Daily Wine News: Italy, On Its Own

Posted by | Posted in Wine News | Posted on 03-26-2021

Bottles of Barolo. (Wikimedia)

In Club Oenologique, Sarah Heller argues that Italian wine is done a disservice when its appreciation is based on Bordeaux or Burgundian reference points. “As long as Barolo or Etna remain ‘the Burgundy of Italy’, they will never be the pinnacle of anywhere. I would prefer that Italian producers proactively export their own wine values or else forever remain an eccentric country cousin to France.”

In Vinous, Rebecca Gibb explores the many expressions of Chenin Blanc in the Loire Valley. “It’s clear that the current generation of winemakers nearing retirement age have witnessed a major shift in both the region’s climate and global taste preferences since taking over from their parents in the 1980s.”

In the Buyer, Ines Salpico explains why we need transparency on wine labels.

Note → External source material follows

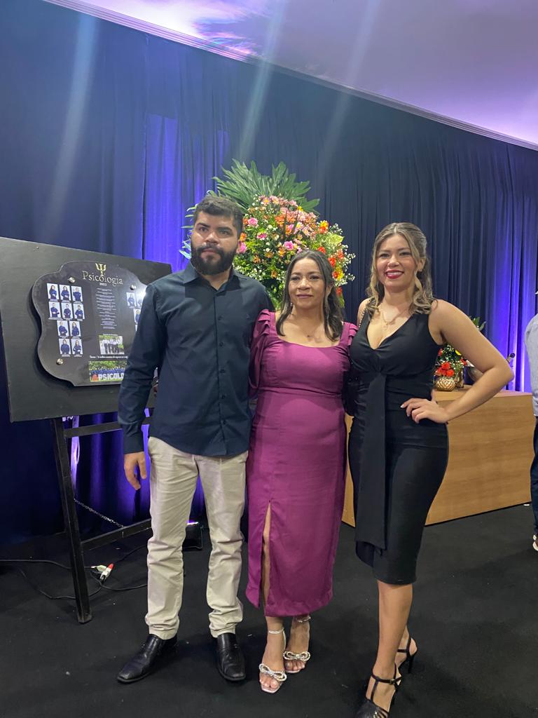 A psicopedagoga e psicóloga Cleudia Silva ladeada pelos filhos Érica Lene e Antônio Rodrigues em momento especial.

In Wine-Searcher, Natalie Sellers examines the threat of climate change to wine regions. “Old wine regions that have been successfully established for hundreds of years, thanks to a once stable climate, are now facing adaptations like never before.”

On Tim Atkin’s site, Anne Burchett ponders flawed scoring systems and what is—and isn’t—wrong with wine criticism.

The Pennsylvania Supreme Court affirmed a lower court decision that will make it less prohibitive and less expensive for wine distributors to ship bottles directly to restaurants and bottle shops. Dayna Evans has the details in Eater Philly.

In Wine Enthusiast. Virginia Boone reconsiders the once-maligned 2011 Napa vintage.

In Decanter, Matt Walls on why Syrah is the most adaptable grape in the world. (subscription req.)